> Required work
Transcribe, starting at the line with "走进磨憨镇老陶村,同当地的父" and ending at the line with "Teltházas előadást tartott", every line of the material below exactly, but leave out the pictures and anything outside that span.

> Material shown
┌──

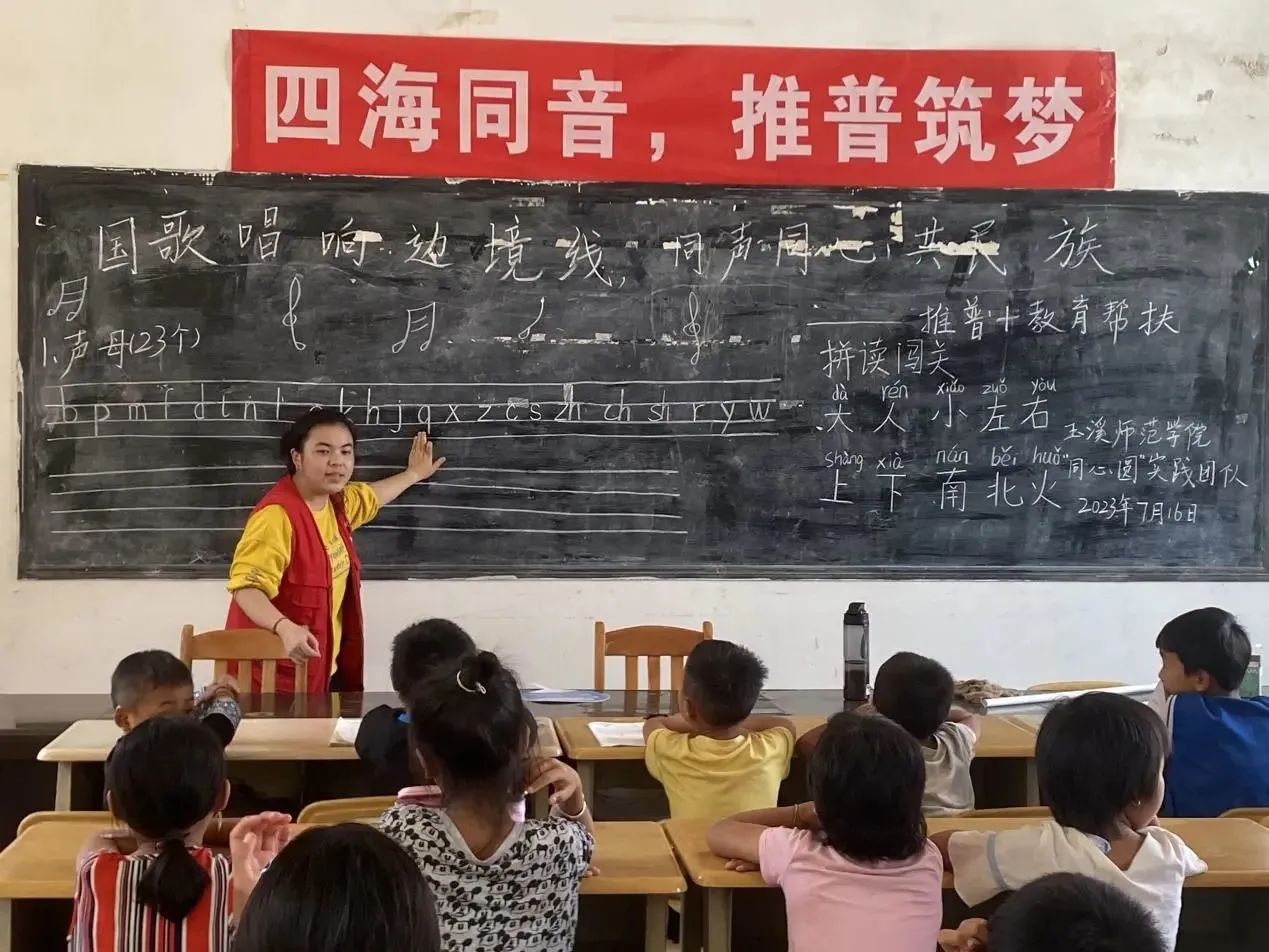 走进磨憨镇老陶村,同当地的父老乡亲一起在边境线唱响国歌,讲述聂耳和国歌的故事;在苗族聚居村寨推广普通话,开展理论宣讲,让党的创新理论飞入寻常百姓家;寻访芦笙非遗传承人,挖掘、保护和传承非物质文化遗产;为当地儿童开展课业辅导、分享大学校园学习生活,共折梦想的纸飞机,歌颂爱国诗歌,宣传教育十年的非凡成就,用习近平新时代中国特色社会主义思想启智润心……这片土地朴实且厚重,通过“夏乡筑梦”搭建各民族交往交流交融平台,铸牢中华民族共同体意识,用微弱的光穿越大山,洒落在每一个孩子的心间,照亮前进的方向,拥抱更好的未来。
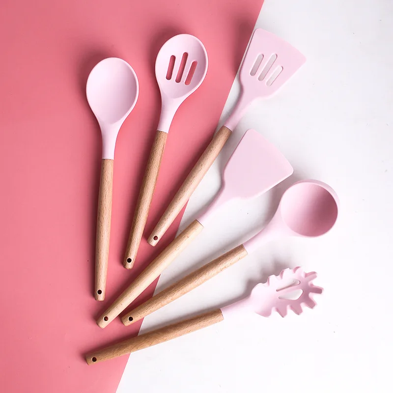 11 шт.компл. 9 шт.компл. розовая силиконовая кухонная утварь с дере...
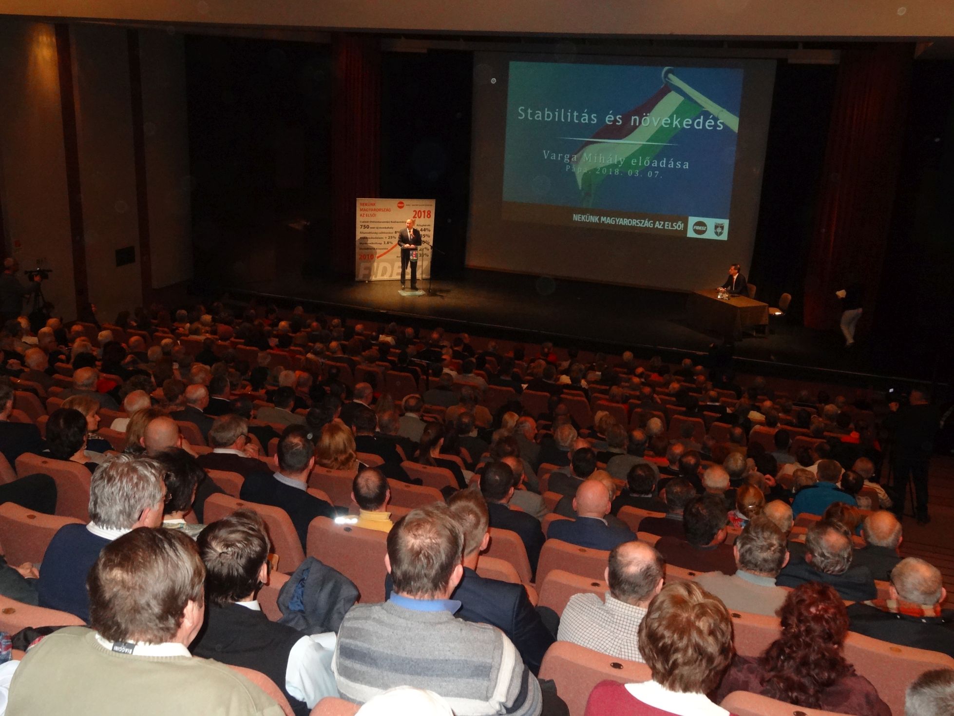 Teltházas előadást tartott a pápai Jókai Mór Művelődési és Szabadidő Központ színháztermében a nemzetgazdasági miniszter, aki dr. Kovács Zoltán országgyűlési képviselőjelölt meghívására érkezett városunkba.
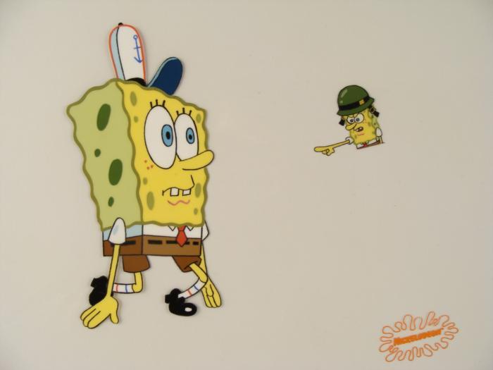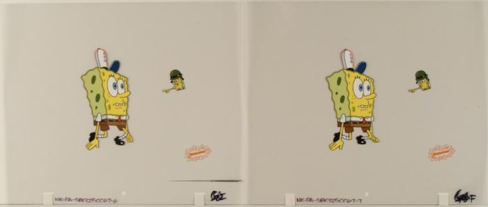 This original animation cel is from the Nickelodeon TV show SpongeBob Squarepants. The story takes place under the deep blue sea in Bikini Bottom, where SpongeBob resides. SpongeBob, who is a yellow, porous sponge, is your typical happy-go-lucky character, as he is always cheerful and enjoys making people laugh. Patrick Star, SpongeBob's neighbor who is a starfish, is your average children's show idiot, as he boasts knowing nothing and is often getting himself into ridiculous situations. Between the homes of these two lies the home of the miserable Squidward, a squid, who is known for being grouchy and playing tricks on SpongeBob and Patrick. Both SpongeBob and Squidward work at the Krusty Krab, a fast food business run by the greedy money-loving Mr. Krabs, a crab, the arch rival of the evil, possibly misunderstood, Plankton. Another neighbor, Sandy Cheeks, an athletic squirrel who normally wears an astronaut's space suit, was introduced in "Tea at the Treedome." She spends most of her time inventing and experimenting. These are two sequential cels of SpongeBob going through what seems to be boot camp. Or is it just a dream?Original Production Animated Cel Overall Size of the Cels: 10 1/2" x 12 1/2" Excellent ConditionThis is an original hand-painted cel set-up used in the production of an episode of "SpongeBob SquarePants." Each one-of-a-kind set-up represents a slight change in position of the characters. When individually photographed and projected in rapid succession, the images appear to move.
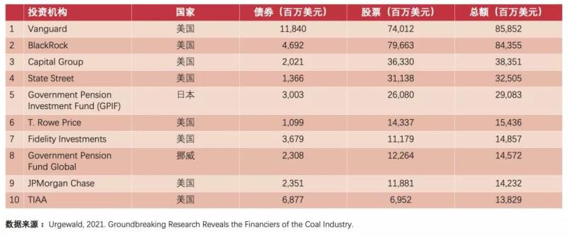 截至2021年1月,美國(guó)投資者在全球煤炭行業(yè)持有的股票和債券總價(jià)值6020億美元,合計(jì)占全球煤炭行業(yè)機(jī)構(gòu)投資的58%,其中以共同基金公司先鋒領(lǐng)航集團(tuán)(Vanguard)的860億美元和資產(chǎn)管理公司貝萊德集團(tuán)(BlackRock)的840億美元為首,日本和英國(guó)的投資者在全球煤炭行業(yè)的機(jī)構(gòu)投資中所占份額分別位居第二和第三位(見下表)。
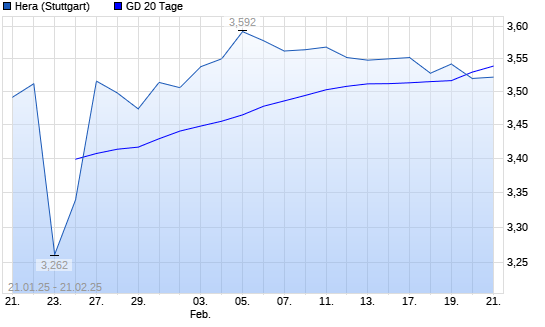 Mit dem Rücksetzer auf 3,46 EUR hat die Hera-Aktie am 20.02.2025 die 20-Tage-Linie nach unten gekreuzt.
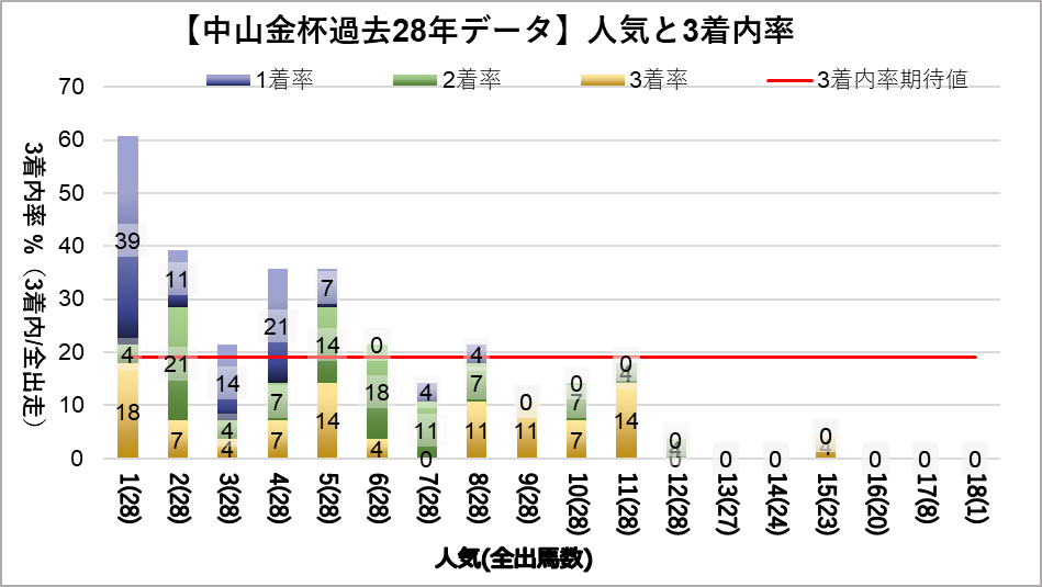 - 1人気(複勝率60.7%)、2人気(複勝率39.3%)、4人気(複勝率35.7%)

└──
┌──

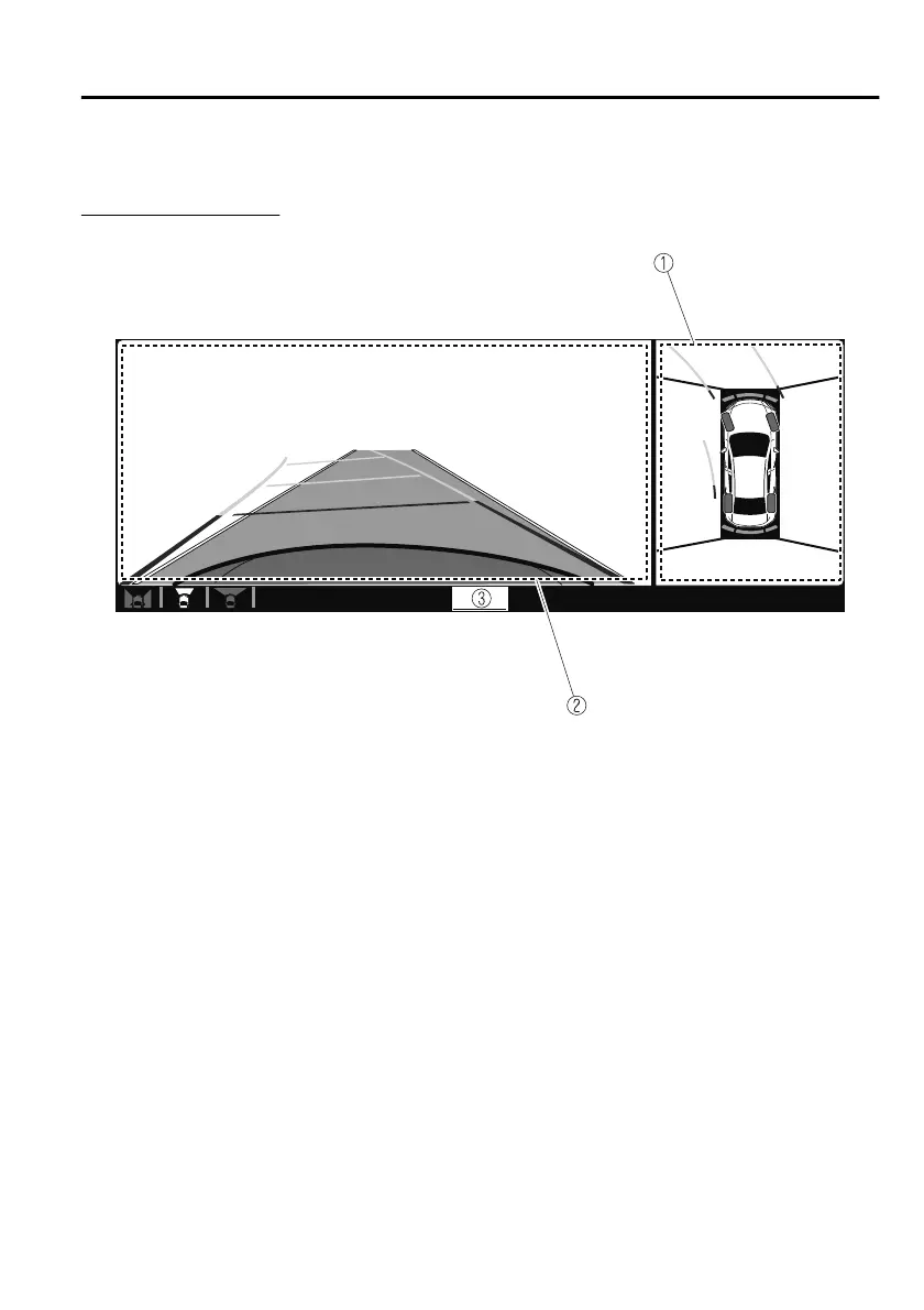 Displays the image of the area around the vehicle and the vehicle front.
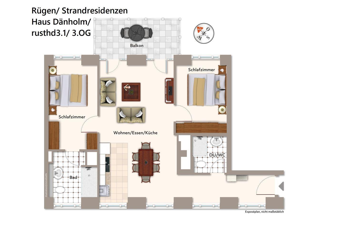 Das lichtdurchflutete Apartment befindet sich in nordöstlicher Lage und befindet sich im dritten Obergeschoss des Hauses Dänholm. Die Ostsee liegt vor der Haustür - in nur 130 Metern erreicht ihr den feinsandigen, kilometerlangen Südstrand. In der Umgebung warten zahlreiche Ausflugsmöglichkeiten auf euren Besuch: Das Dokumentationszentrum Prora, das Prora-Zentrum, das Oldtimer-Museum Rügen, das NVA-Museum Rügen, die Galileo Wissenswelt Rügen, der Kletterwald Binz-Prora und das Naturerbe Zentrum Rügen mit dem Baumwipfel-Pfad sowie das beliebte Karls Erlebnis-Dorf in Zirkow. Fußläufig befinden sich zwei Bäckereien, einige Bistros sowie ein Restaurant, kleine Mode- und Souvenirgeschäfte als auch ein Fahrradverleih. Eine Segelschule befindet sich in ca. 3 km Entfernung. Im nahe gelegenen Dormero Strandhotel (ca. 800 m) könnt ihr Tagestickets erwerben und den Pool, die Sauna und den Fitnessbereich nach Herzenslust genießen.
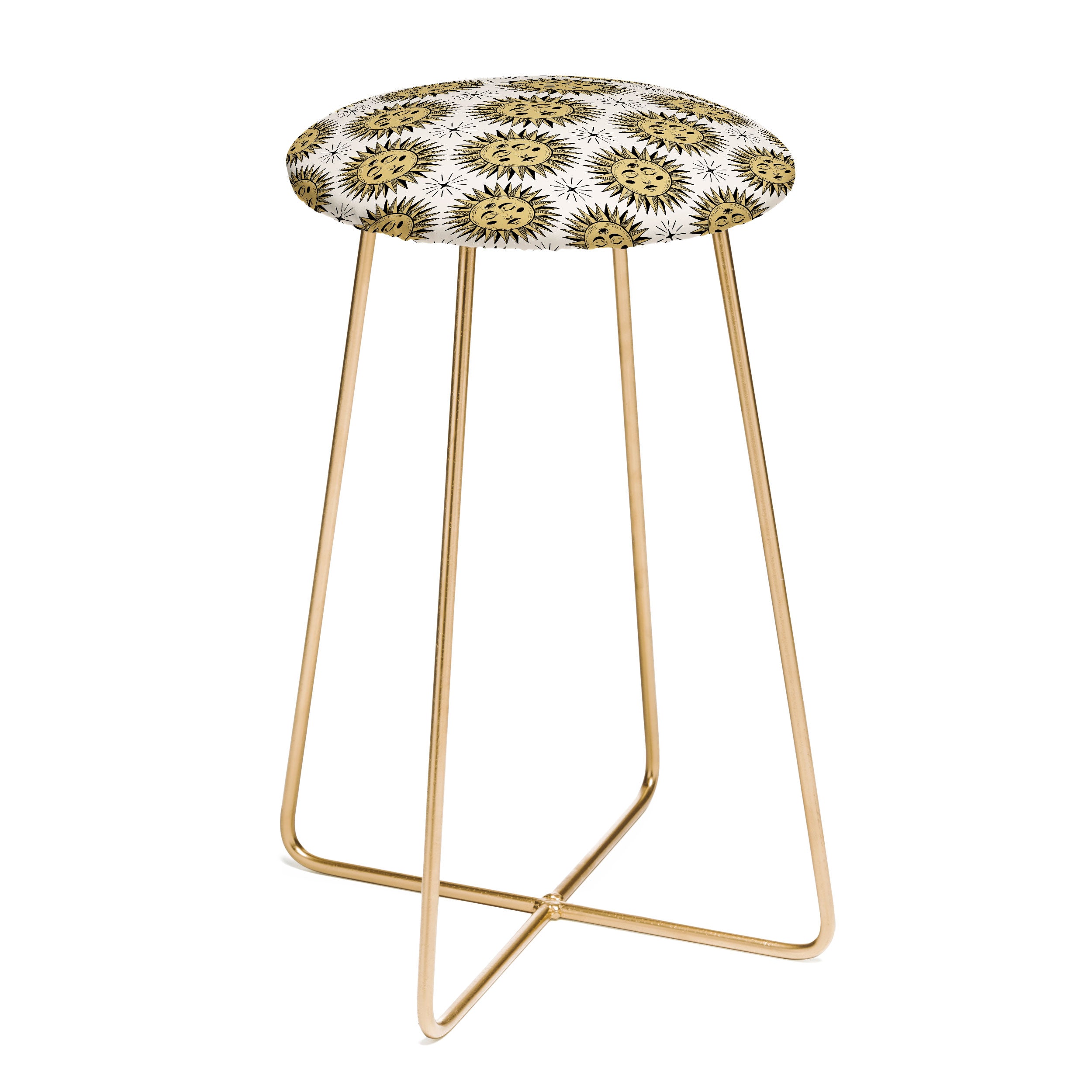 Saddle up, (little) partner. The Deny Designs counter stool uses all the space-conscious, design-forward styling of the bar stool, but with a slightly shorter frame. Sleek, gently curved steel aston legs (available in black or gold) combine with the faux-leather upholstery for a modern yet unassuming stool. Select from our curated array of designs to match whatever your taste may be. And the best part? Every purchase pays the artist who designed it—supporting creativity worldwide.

└──

> Your solution
 走进磨憨镇老陶村,同当地的父老乡亲一起在边境线唱响国歌,讲述聂耳和国歌的故事;在苗族聚居村寨推广普通话,开展理论宣讲,让党的创新理论飞入寻常百姓家;寻访芦笙非遗传承人,挖掘、保护和传承非物质文化遗产;为当地儿童开展课业辅导、分享大学校园学习生活,共折梦想的纸飞机,歌颂爱国诗歌,宣传教育十年的非凡成就,用习近平新时代中国特色社会主义思想启智润心……这片土地朴实且厚重,通过“夏乡筑梦”搭建各民族交往交流交融平台,铸牢中华民族共同体意识,用微弱的光穿越大山,洒落在每一个孩子的心间,照亮前进的方向,拥抱更好的未来。
 11 шт.компл. 9 шт.компл. розовая силиконовая кухонная утварь с дере...
 Teltházas előadást tartott a pápai Jókai Mór Művelődési és Szabadidő Központ színháztermében a nemzetgazdasági miniszter, aki dr. Kovács Zoltán országgyűlési képviselőjelölt meghívására érkezett városunkba.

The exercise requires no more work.